Whatever pictures appear, omit them, and repeat the data below exactly.

--- Data extract ---
*** Begin section ***
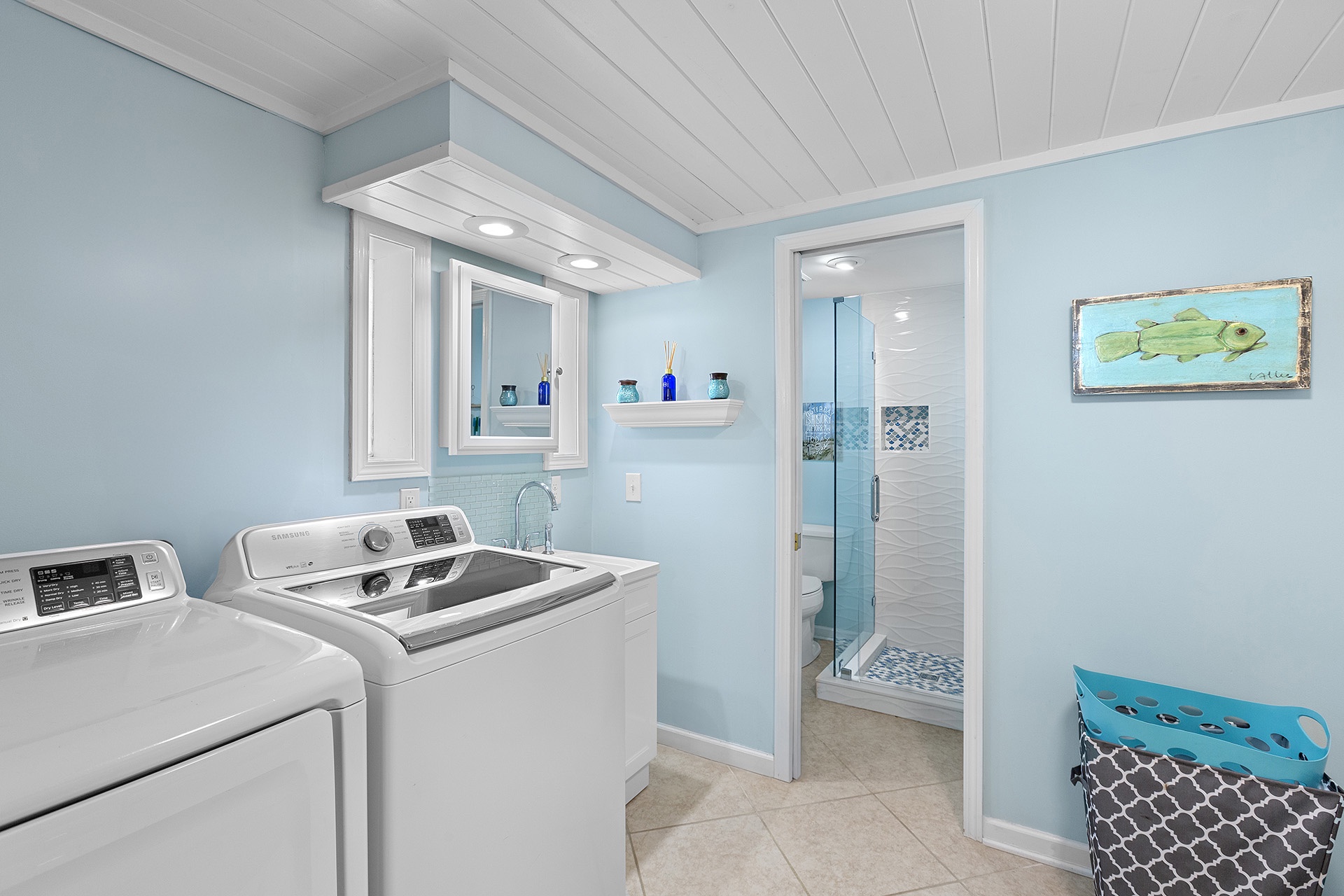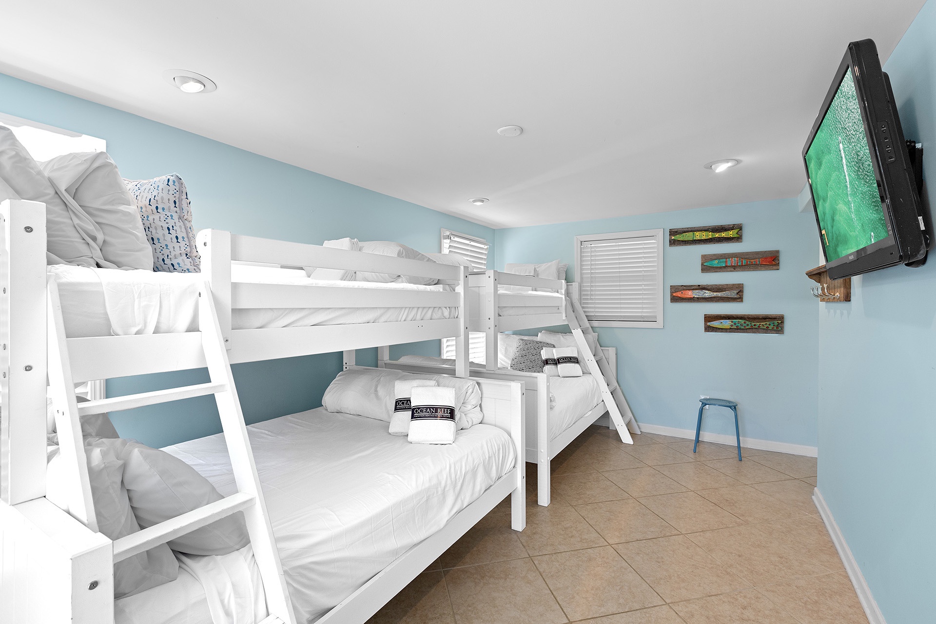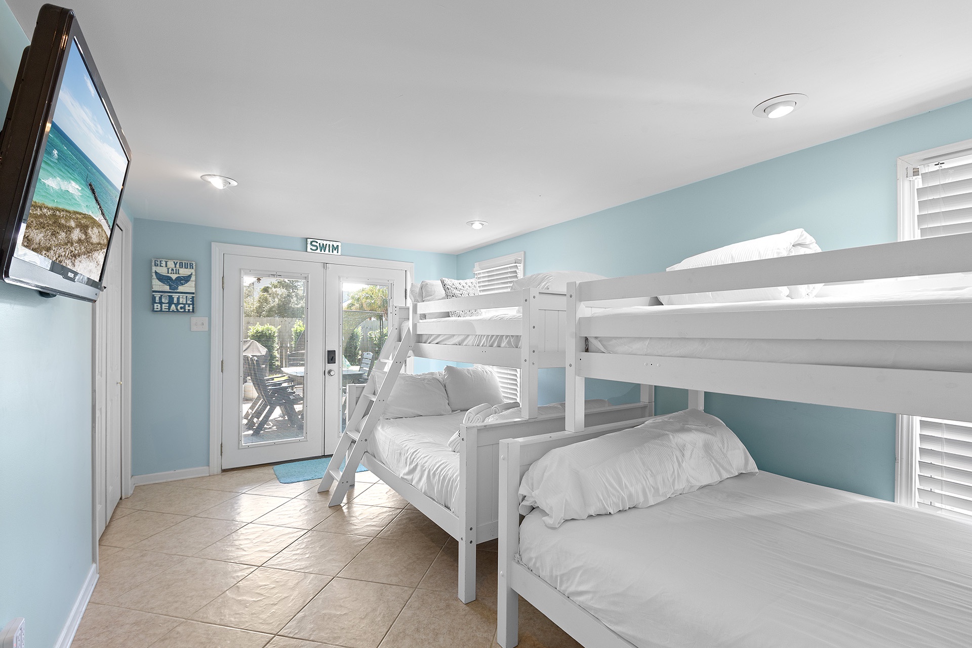 Inside, the first floor offers a bunk room with two queen/twin bunks, sleeping six guests in total. This bright, inviting space opens directly onto the pool patio and includes a wall-mounted flat-screen TV. You'll also find a bathroom with a walk-in shower, conveniently located next to the laundry room, which doubles as a poolside powder room.
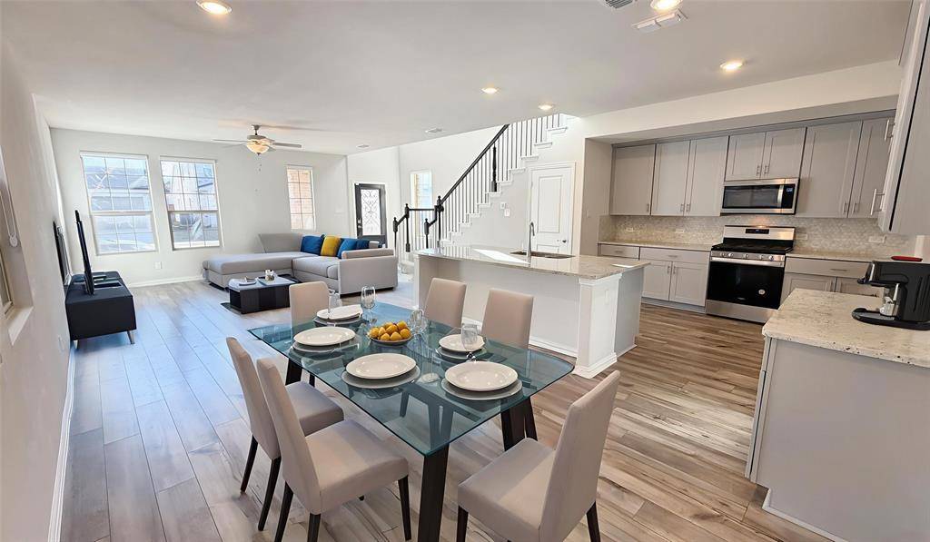 A functional, well-appointed kitchen featuring a center island, built-in microwave, ample cabinetry, and a seamless flow into the dining area perfect for everyday meals and entertaining
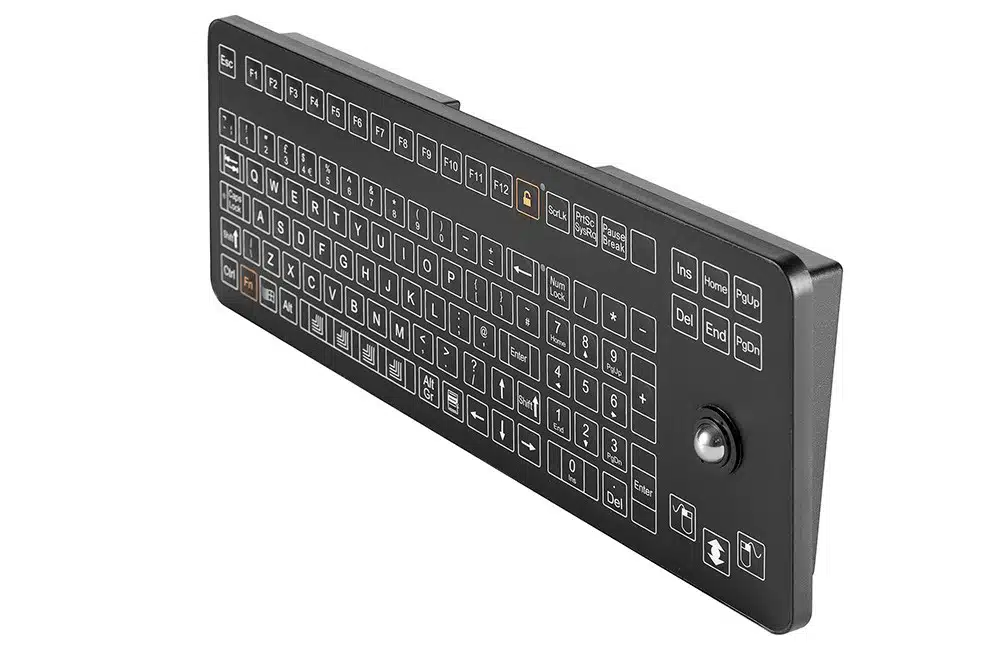 Die Hygienetastatur NHKT-D396-OTB-KP-FN-DT ist eine robuste Desktop-Folientastatur mit integriertem 25-mm-Trackball, die speziell für den Einsatz in hygienisch sensiblen Bereichen wie der Lebensmittelindustrie, der pharmazeutischen Produktion, Reinräumen und medizinischen Einrichtungen entwickelt wurde. Mit ihren großzügigen Abmessungen von 399 x 148,8 mm bietet sie ein vollständiges Tastaturlayout mit 109 Tasten und ermöglicht durch den integrierten Trackball eine präzise Cursorsteuerung, wodurch sie besonders für Anwendungen geeignet ist, bei denen eine Maus nicht verwendet werden kann oder soll.
*** End section ***
--- Your response ---
 Inside, the first floor offers a bunk room with two queen/twin bunks, sleeping six guests in total. This bright, inviting space opens directly onto the pool patio and includes a wall-mounted flat-screen TV. You'll also find a bathroom with a walk-in shower, conveniently located next to the laundry room, which doubles as a poolside powder room.
 A functional, well-appointed kitchen featuring a center island, built-in microwave, ample cabinetry, and a seamless flow into the dining area perfect for everyday meals and entertaining
 Die Hygienetastatur NHKT-D396-OTB-KP-FN-DT ist eine robuste Desktop-Folientastatur mit integriertem 25-mm-Trackball, die speziell für den Einsatz in hygienisch sensiblen Bereichen wie der Lebensmittelindustrie, der pharmazeutischen Produktion, Reinräumen und medizinischen Einrichtungen entwickelt wurde. Mit ihren großzügigen Abmessungen von 399 x 148,8 mm bietet sie ein vollständiges Tastaturlayout mit 109 Tasten und ermöglicht durch den integrierten Trackball eine präzise Cursorsteuerung, wodurch sie besonders für Anwendungen geeignet ist, bei denen eine Maus nicht verwendet werden kann oder soll.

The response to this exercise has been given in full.